**Description of the task**
Omit all images, then repeat exactly the lines below from the one containing "brush with holder." through the one containing "ОФИЦИАЛЬНЫЙ ОТВЕТ МИНИСТЕРСТВА", both ends included.

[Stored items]
__________________________________________________

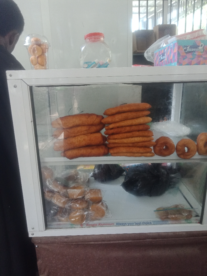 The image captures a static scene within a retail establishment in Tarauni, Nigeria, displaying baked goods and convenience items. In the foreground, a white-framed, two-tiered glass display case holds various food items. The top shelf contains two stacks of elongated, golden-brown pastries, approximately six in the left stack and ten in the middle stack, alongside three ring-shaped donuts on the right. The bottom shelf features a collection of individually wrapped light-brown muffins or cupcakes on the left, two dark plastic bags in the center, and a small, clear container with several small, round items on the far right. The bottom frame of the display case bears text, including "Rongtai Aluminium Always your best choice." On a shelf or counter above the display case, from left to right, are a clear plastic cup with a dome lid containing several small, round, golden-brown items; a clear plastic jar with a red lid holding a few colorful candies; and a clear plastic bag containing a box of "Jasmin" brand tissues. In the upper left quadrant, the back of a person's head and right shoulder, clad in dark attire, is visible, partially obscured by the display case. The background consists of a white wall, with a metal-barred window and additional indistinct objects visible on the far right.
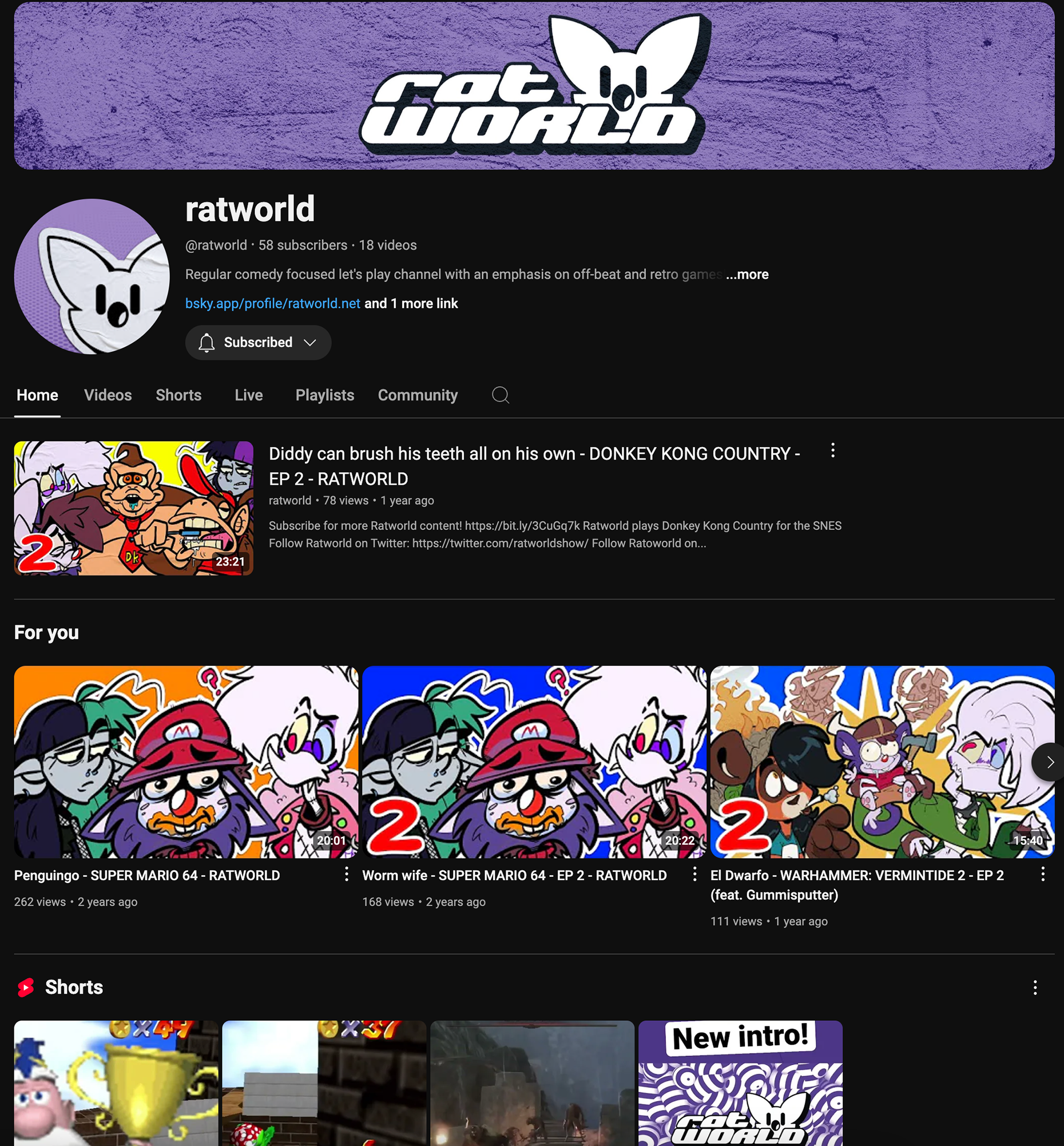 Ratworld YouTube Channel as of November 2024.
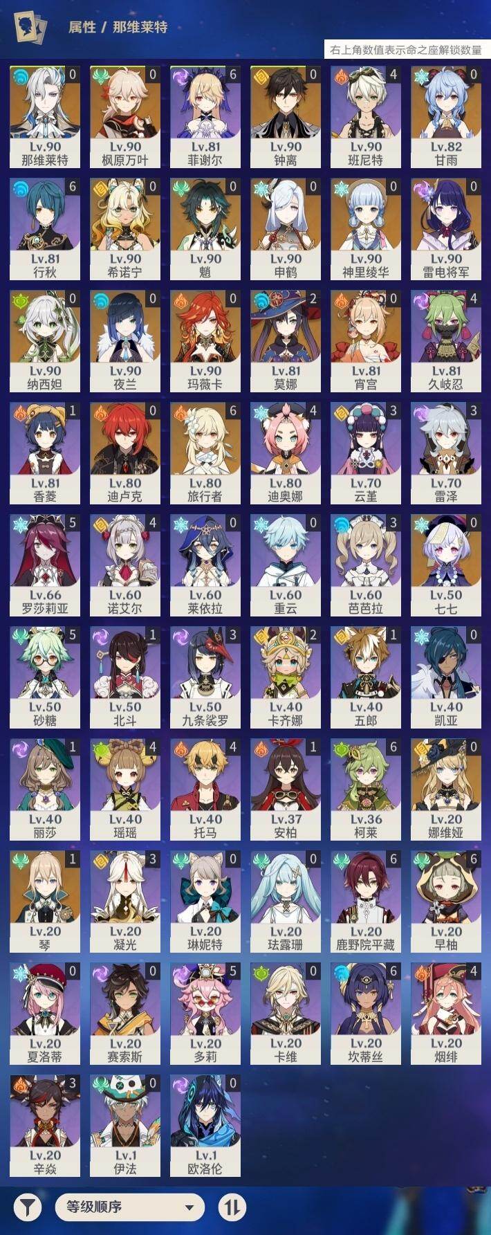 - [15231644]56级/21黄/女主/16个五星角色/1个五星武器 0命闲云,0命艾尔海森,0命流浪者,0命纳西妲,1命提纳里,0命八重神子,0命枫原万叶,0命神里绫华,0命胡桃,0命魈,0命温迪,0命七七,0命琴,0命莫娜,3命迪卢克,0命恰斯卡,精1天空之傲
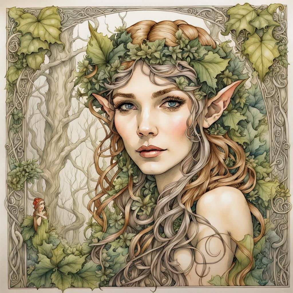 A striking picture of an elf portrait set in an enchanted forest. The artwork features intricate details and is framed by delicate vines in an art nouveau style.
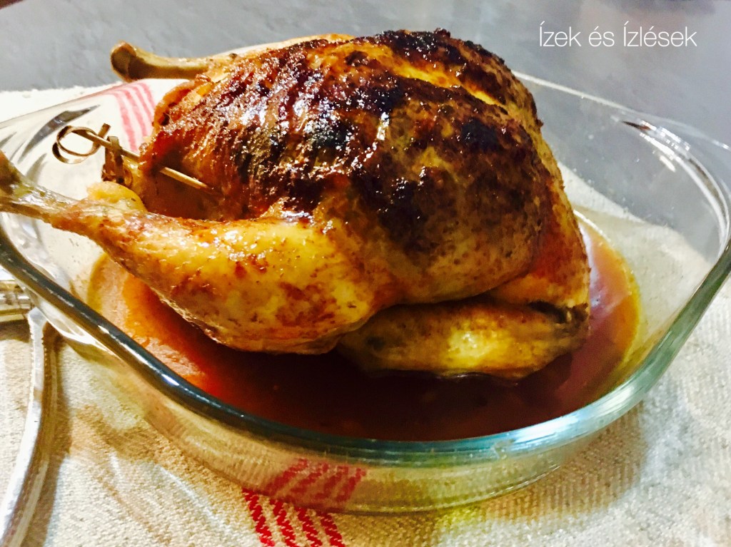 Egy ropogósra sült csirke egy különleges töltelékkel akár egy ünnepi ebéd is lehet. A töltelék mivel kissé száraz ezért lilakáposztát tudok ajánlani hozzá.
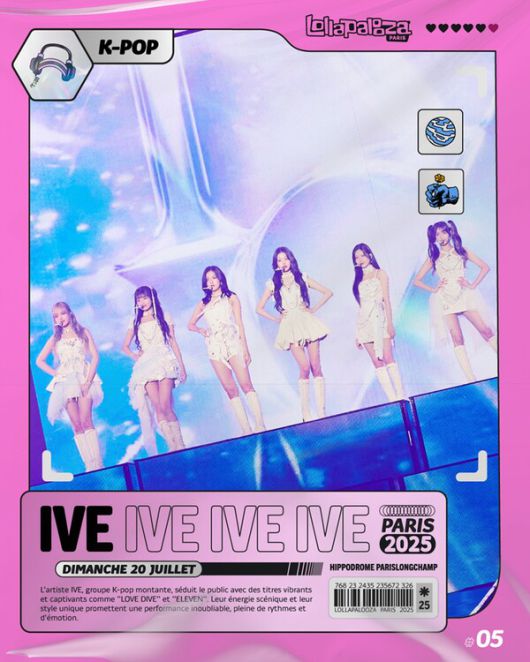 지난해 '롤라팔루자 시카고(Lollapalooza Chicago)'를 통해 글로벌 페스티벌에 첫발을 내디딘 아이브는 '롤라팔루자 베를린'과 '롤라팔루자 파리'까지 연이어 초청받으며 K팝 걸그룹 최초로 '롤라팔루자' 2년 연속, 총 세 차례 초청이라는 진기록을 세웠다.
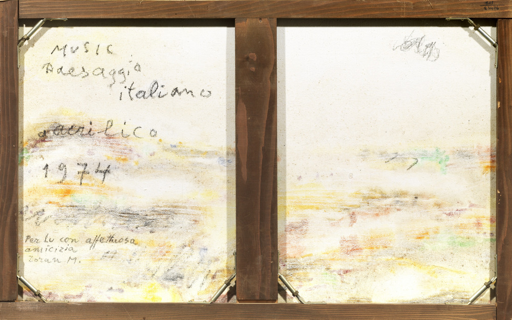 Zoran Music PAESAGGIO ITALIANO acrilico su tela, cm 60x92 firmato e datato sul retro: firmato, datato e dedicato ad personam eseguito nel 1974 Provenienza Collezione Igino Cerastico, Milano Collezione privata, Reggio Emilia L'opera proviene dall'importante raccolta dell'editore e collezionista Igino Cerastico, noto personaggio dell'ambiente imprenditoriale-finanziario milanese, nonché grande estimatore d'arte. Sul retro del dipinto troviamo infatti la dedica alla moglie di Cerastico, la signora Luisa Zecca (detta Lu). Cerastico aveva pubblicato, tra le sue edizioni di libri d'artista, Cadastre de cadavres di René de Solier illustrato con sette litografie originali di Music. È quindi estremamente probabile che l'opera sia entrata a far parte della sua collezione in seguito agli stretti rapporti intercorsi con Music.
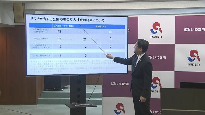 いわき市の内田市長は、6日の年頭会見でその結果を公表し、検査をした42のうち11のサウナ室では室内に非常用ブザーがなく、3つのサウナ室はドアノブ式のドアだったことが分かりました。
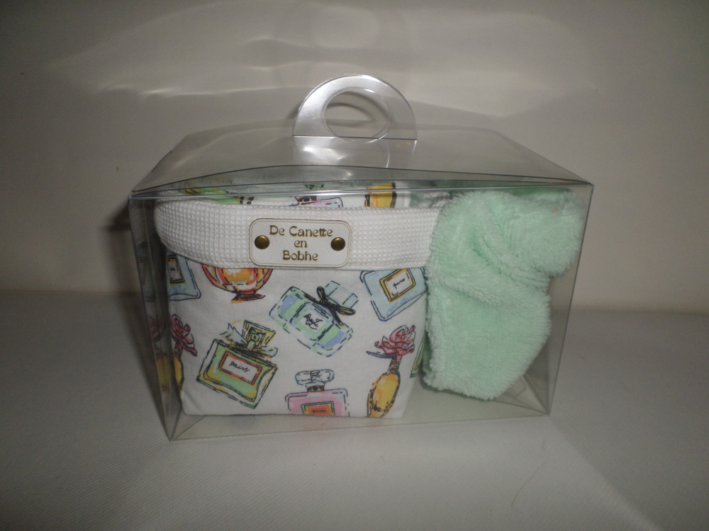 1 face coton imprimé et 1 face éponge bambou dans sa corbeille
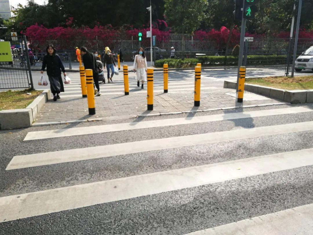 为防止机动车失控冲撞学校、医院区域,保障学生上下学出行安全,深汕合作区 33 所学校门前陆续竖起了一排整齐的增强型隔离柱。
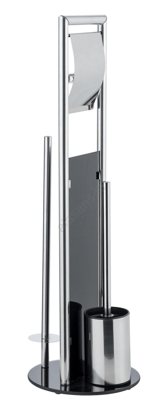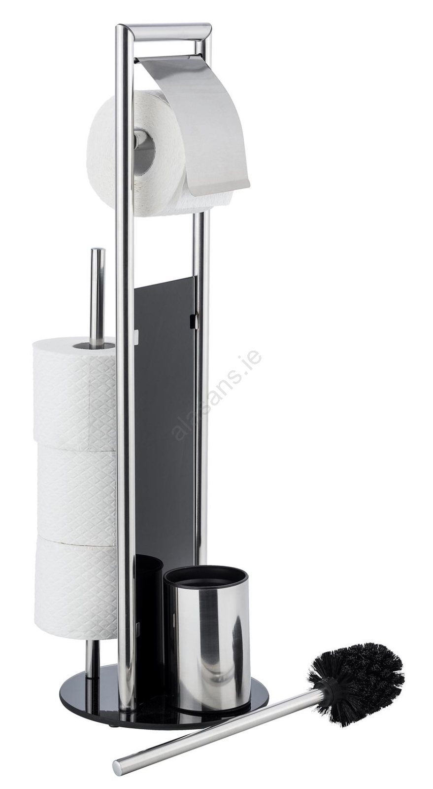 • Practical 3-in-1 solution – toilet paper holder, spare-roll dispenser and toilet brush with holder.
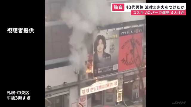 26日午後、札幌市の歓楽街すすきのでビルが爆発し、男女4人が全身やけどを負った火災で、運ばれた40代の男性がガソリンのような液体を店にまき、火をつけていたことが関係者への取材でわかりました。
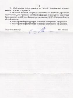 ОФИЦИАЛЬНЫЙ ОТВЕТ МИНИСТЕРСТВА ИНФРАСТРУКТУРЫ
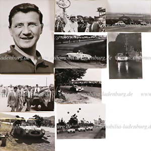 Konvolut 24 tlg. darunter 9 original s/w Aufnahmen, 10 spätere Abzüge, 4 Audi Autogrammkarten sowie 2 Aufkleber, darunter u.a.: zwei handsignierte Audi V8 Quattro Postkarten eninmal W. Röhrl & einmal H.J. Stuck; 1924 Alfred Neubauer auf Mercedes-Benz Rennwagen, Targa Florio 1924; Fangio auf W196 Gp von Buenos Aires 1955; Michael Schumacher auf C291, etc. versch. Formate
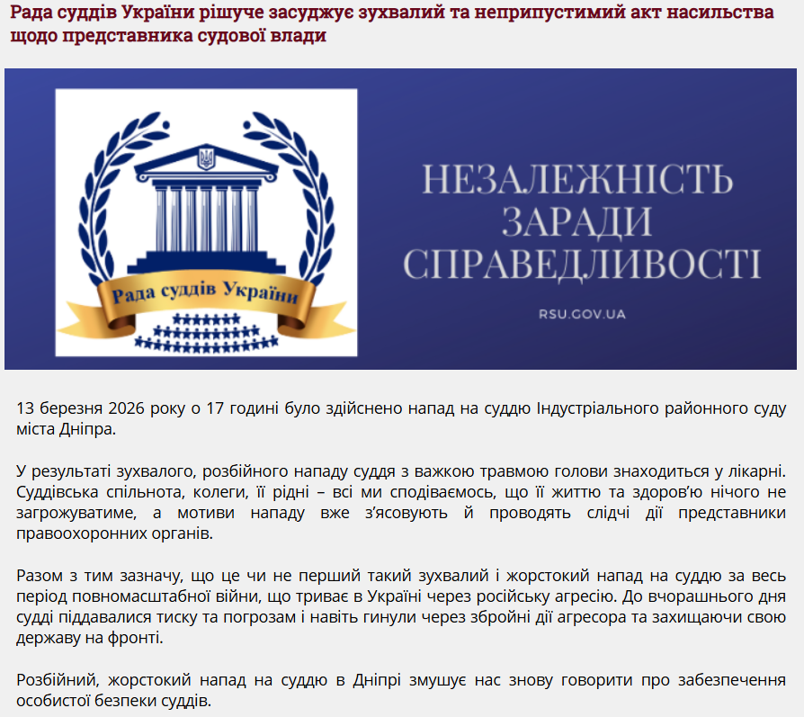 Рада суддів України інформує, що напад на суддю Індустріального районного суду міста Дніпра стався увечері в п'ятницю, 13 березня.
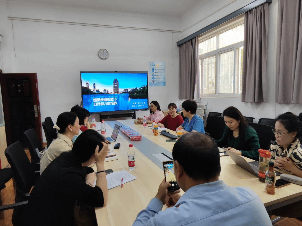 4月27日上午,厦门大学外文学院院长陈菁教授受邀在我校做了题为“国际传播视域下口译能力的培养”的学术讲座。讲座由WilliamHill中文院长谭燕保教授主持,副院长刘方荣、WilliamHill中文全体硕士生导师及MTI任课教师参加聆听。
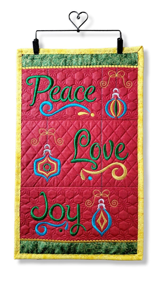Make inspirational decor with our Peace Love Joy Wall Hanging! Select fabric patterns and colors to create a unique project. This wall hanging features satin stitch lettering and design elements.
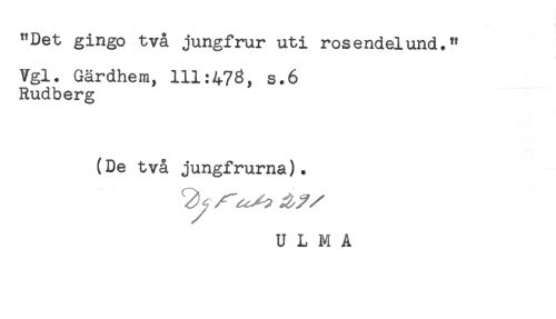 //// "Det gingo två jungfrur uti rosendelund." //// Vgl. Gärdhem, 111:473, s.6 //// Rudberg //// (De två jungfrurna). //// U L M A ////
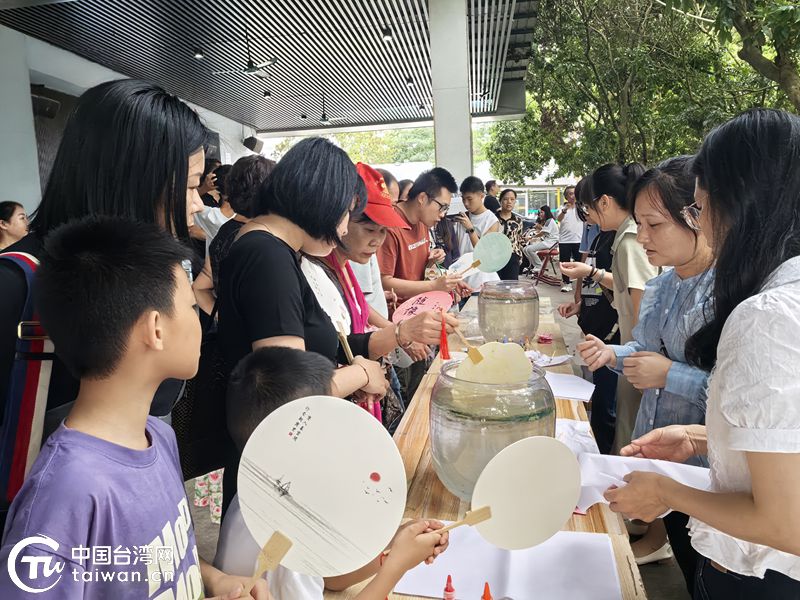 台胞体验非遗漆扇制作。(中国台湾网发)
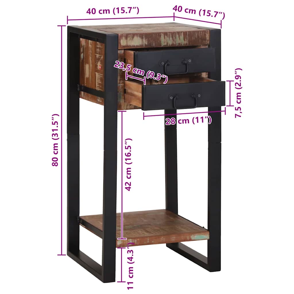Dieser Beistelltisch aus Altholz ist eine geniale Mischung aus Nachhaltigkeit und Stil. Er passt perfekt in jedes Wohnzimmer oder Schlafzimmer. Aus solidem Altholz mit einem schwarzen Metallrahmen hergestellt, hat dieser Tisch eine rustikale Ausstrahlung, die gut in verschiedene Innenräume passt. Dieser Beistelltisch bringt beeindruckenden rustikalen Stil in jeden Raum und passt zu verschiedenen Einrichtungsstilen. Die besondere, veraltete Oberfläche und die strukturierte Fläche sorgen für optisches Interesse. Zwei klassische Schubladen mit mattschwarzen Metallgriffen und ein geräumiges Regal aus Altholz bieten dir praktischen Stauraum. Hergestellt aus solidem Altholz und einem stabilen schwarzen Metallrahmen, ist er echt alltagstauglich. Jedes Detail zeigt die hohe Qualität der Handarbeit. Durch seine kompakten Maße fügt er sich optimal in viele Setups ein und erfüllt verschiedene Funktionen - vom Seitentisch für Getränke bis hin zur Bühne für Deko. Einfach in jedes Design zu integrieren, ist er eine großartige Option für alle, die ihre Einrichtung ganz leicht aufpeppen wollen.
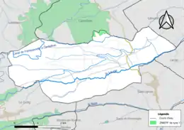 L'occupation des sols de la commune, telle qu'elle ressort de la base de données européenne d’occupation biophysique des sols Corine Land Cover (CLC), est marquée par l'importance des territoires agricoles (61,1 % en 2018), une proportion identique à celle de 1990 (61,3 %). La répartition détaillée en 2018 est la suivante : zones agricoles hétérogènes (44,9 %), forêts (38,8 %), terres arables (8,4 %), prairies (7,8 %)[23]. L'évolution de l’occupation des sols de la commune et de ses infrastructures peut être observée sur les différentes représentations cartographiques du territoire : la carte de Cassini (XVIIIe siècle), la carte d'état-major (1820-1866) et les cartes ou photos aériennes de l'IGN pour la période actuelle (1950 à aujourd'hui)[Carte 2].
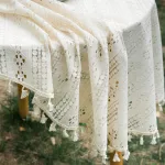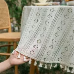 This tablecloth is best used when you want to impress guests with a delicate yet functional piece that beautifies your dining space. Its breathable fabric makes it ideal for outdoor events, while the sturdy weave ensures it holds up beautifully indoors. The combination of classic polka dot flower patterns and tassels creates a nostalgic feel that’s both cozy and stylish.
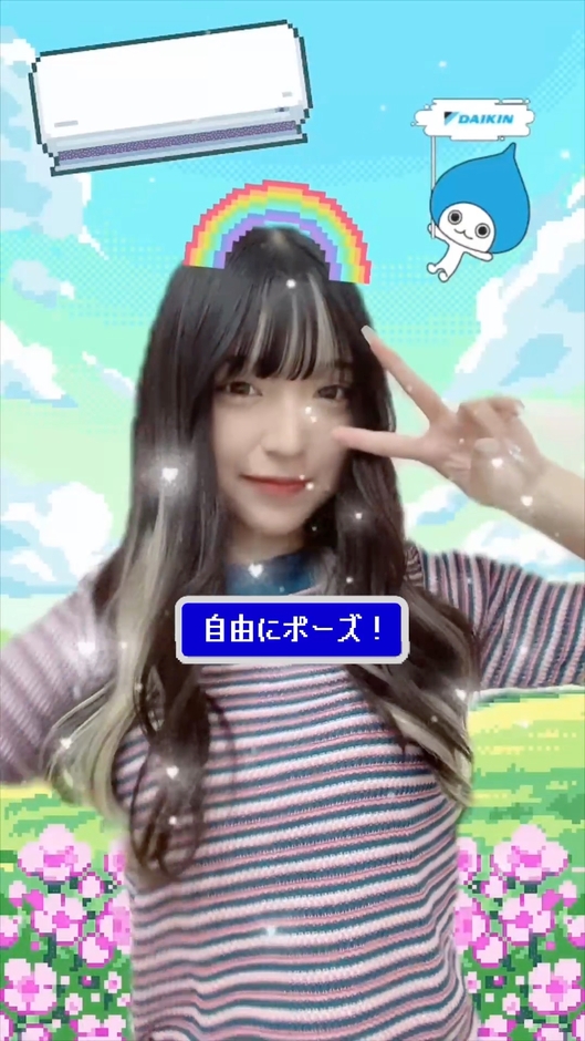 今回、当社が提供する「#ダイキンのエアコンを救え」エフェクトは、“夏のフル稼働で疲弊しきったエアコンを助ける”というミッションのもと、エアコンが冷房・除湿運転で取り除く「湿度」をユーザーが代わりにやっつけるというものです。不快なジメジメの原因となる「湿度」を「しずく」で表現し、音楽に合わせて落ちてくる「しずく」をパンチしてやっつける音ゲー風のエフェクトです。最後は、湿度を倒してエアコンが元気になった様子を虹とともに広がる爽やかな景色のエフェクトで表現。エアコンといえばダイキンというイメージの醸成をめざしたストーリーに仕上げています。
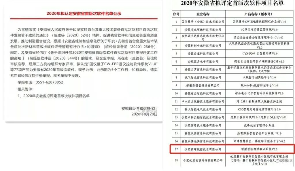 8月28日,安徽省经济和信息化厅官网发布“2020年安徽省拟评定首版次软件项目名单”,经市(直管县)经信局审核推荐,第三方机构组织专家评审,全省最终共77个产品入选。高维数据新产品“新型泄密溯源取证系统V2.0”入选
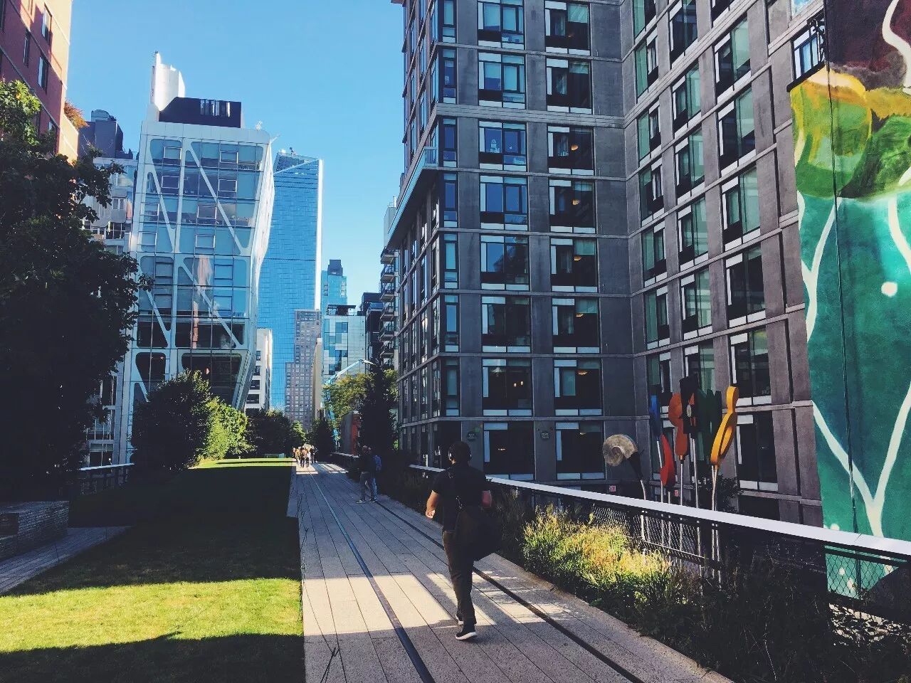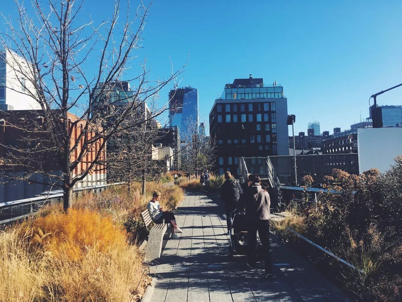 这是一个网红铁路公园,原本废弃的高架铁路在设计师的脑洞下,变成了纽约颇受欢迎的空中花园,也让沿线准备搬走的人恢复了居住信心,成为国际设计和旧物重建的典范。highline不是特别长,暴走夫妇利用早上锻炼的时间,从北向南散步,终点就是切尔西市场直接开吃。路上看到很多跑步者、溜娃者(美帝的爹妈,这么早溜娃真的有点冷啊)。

__________________________________________________

**Answer to this problem**
 • Practical 3-in-1 solution – toilet paper holder, spare-roll dispenser and toilet brush with holder.
 26日午後、札幌市の歓楽街すすきのでビルが爆発し、男女4人が全身やけどを負った火災で、運ばれた40代の男性がガソリンのような液体を店にまき、火をつけていたことが関係者への取材でわかりました。
 ОФИЦИАЛЬНЫЙ ОТВЕТ МИНИСТЕРСТВА ИНФРАСТРУКТУРЫ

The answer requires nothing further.